Companies in England could have to pay double holiday pay to contract and
temporary staff if the European Court of Justice overturns the English
interpretation of the Working Time Directive (WTD).
This could have a massive impact on British businesses, which employ more
temporary staff than any other country in Europe, said Paula Rome, training and
development solicitor at law firm Lewis Silkin.
Currently, contractors and temporary staff in England have their holiday pay
‘rolled-up’ in a regular pay packet and take ‘holidays’ after the employment
contract has ended.
To avoid making the double payment for holiday, businesses face
restructuring payment of temporary, seasonal and contract staff employed for
specific periods without the option of taking holiday.
The English interpretation of the WTD could be overturned after the Leeds
Employment Tribunal referred a case to the European Court of Justice in March.
The case will be heard in the next three to six months.
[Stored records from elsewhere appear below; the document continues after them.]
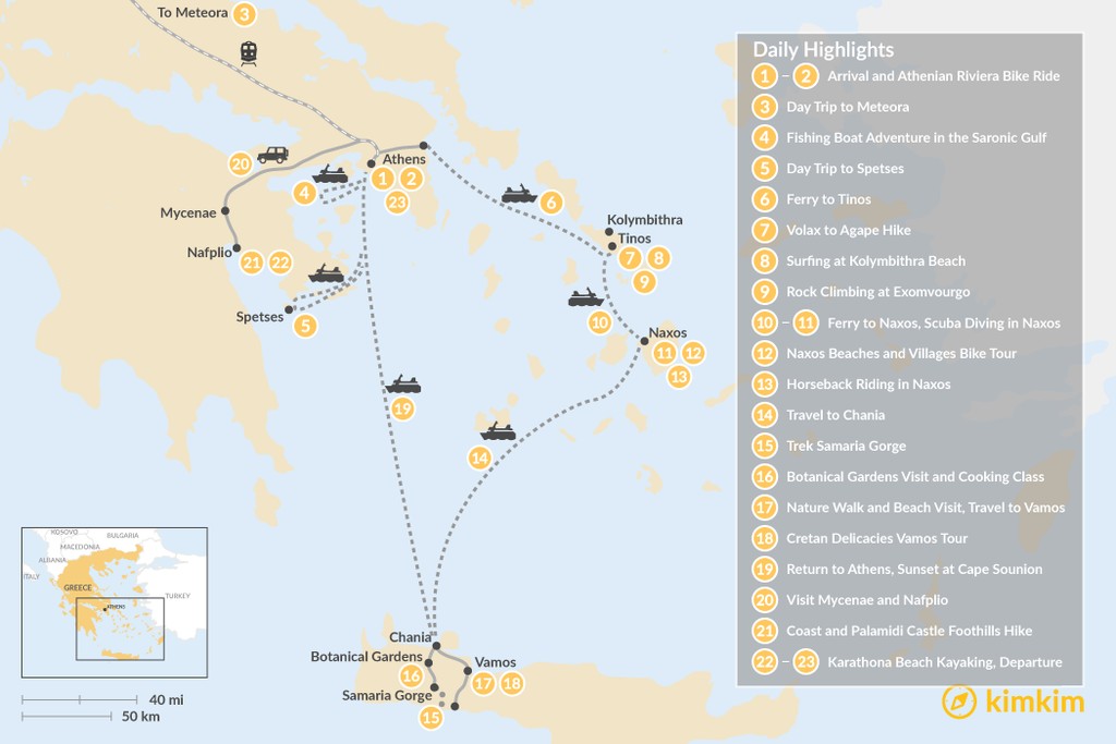 Map of Active Athens, Mainland Greece, Cyclades, and Crete – 23 Days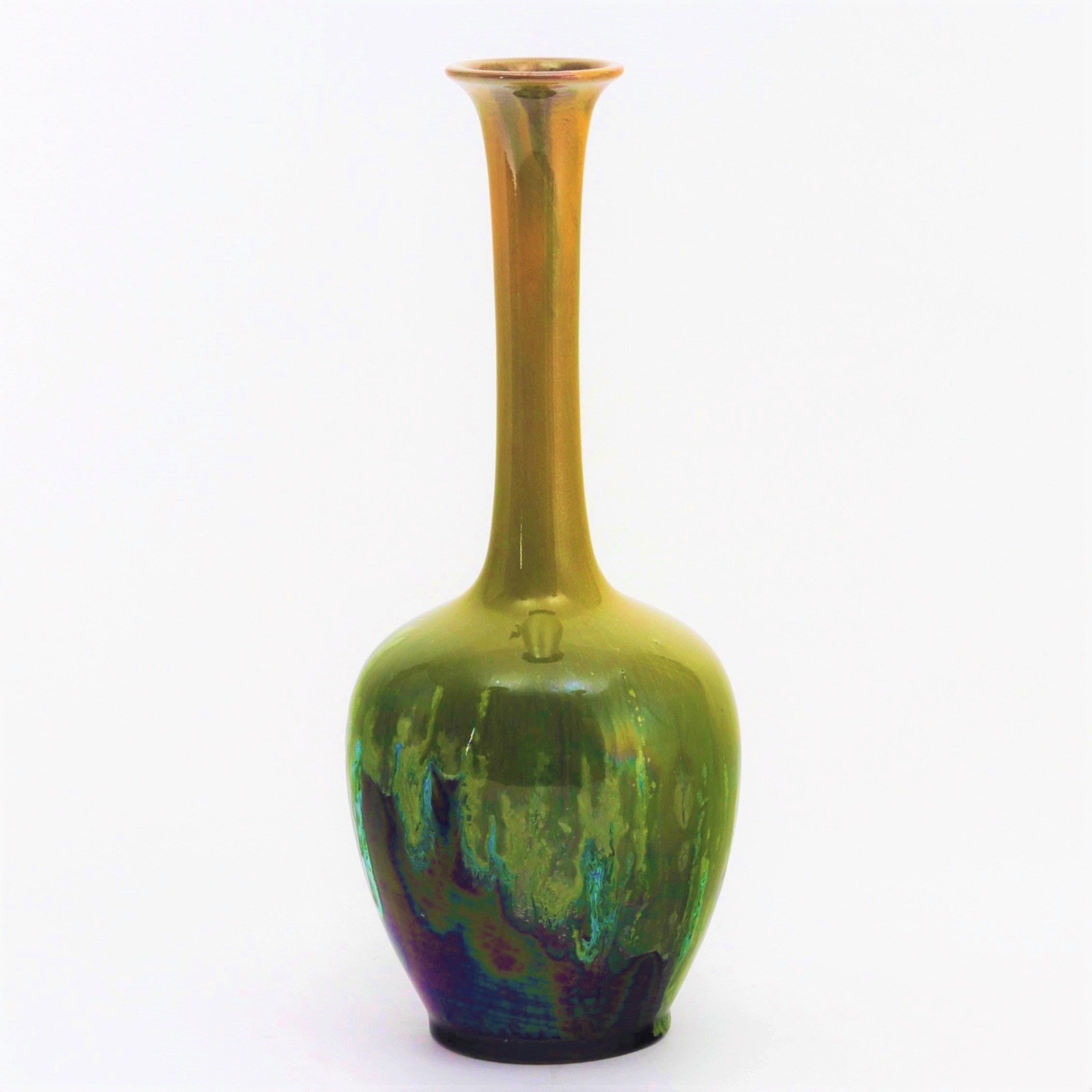 Dresser Linthorpe Pottery Long Neck Baluster Art Vase by H Tooth C.1880
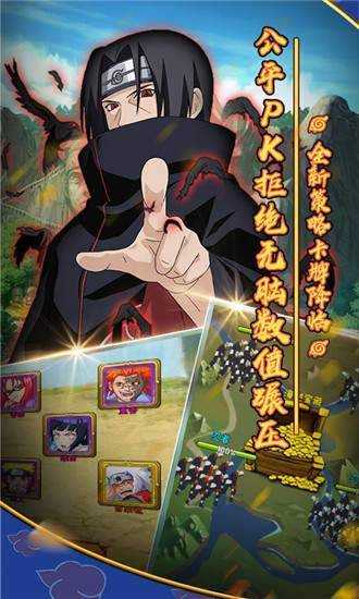 守护木叶村是一款以热门日漫火影忍者进行改编的卡牌对战手游,在守护木叶村手游中玩法自由简单易上手,玩家需要建立属于自己的忍者小队,不断的战斗升级提升自己的实力,培养更多的忍者人才,感兴趣的小伙伴们赶快来下载吧!我在守护木叶村手游等你呦!火影迷一定不要错过这款游戏!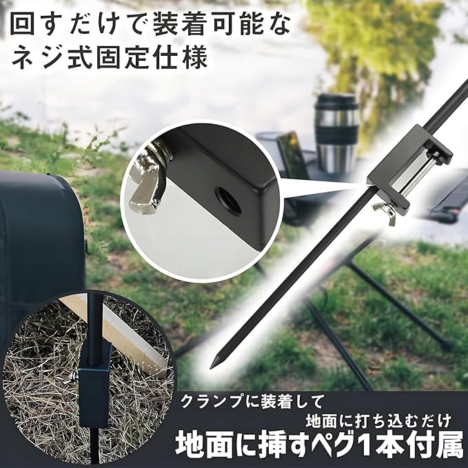 【2Way設営・簡単な組み立て】2Wayの設営方法を採用しており、クランプ式と地面に打ち込む式の2種類が選べます。クランプ式は厚さ4.5cm以内のテーブルやラックに挟んで、クランプスタンド底部のネジを回して固定するだけ。打ち込む式はクランプのペグ固定用口にペグを差し込み、地面に打ち込むことで設営できます。本体の組み立ても、ポールにネジ口があり、口の位置を合わせて回してネジを締めるだけで簡単に組み立てられます。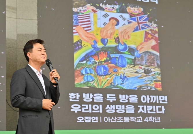 도는 5일 아산시 신청호 일원에서 열린 ‘제29회 환경의 날(제3회 환경교육주간) 기념식에서 김태흠 지사와 임상준 환경부 차관, 박경귀 아산시장, 종교·시민사회단체, 도민 등 2000여 명이 참석한 가운데, 일회용품 제로 실천 협약식 및 선포식을 개최했다고 밝혔다.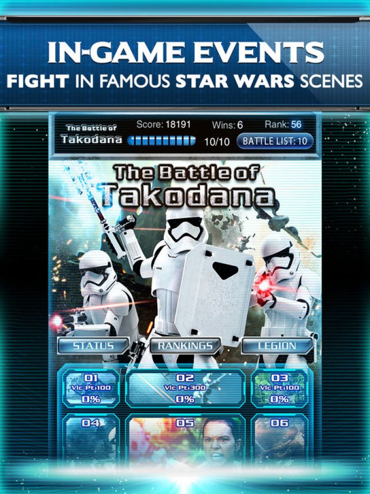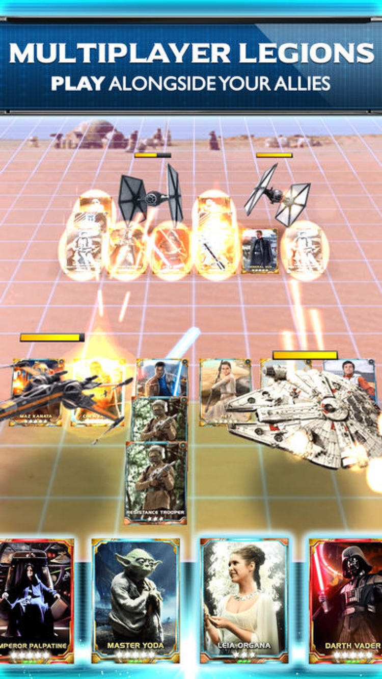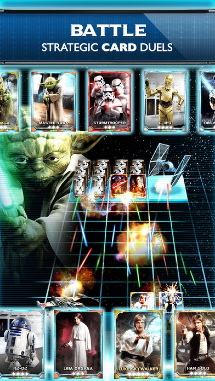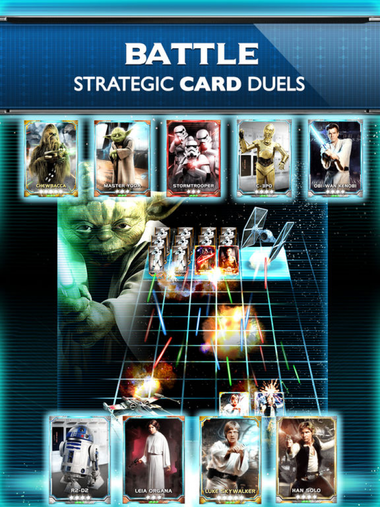 STAR WARS FORCE COLLECTION Увлекательная карточная игра для фанатов Star Wars. Соберите более 230 игровых карт и участвуйте в межгалактических баталиях. Определите свой путь по светлой или темной стороне Силы и вступайте в схватки с боссами или другими игроками. Star Wars Force Collection позволит вам путешествовать по вашим любимым планетам вселенной Звездных Войн, а так же составлять чертежи новых боевых машин, которые принесут вам победу. Карточки можно находить в процессе игры, покупать во внутриигровом магазине, а так же обмениваться ими с другими игроками. Новые игроки могут получить свою первую премиум-карту, пройдя пролог.
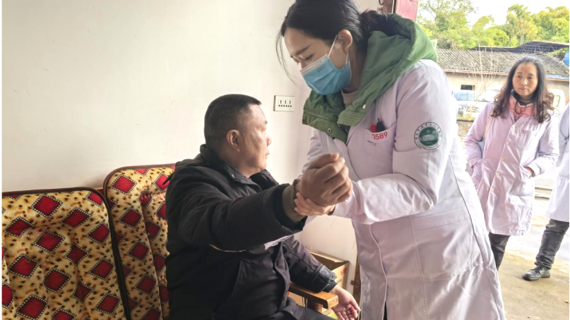 针对特殊患病群体的就医需求,团队康复科专家还深入宝花村村组开展入户随访,在脑卒中后遗症患者家中,专家细致评估患者恢复状况,仔细查看用药记录,现场指导家属掌握规范用药方法和科学康复训练技巧,将专业化、人性化的医疗服务送到群众“家门口”。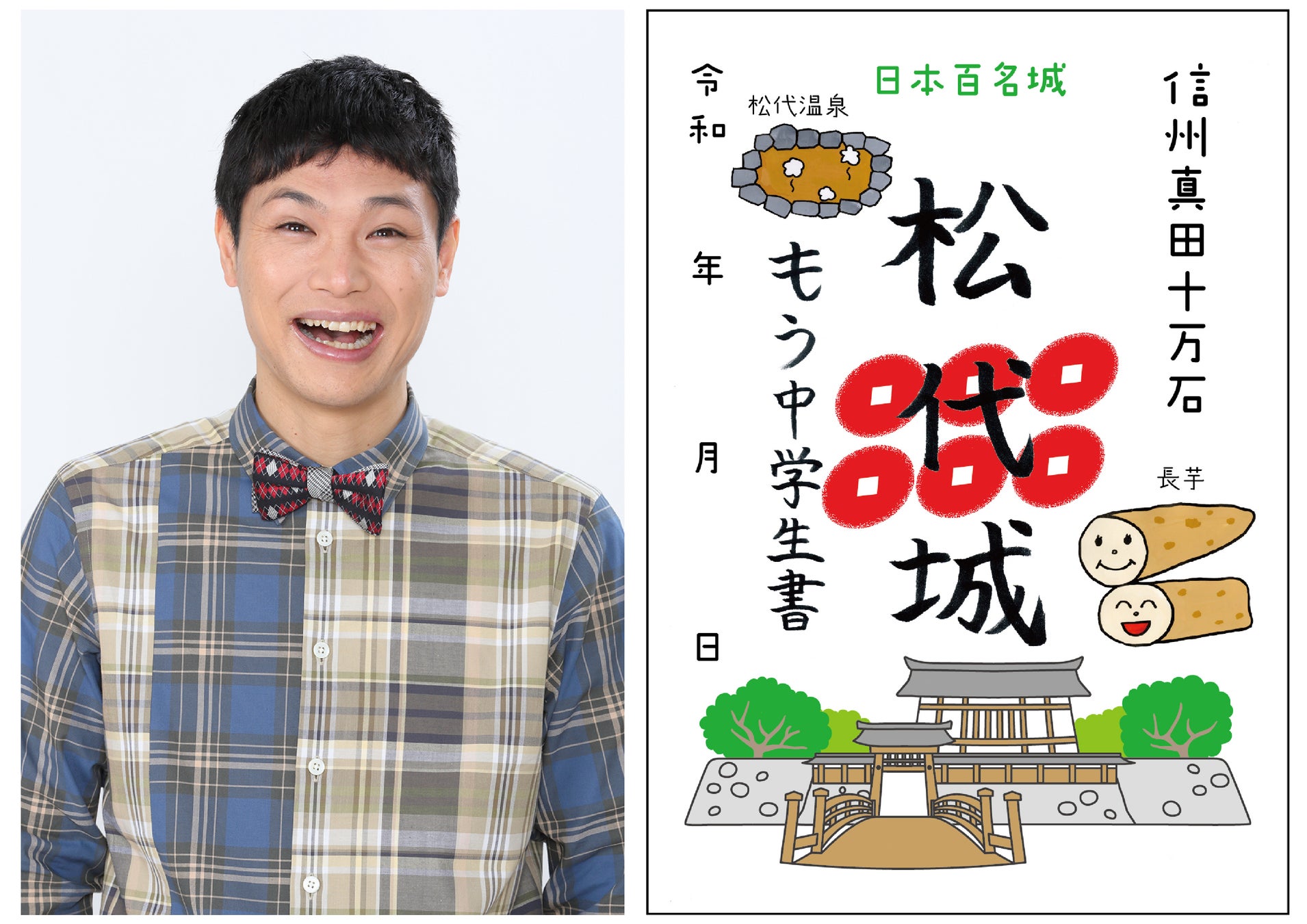 今年の10月12日(土)と13日(日)に開催される「真田十万石まつり」の大名行列に参加していただく長野市出身のお笑いタレント「もう中学生」さんに、松代城の題字やイラストを描いていただいた、記念の御城印を、この度販売することになりました。

"It could be an incredible cost for some organisations," Rome
said. "My gut instinct is the worst possible case scenario for employers –
they will have to pay holiday on top of the percentage they have already paid.
"There will be very little they can do. If we are working to the wrong
interpretation [of the directive], even the Government cannot do much about
it."
In Scotland, a tribunal has already ruled against the practice of rolled up
holiday pay, creating difficulties in the oil industry, which often employs
staff on short-term contracts.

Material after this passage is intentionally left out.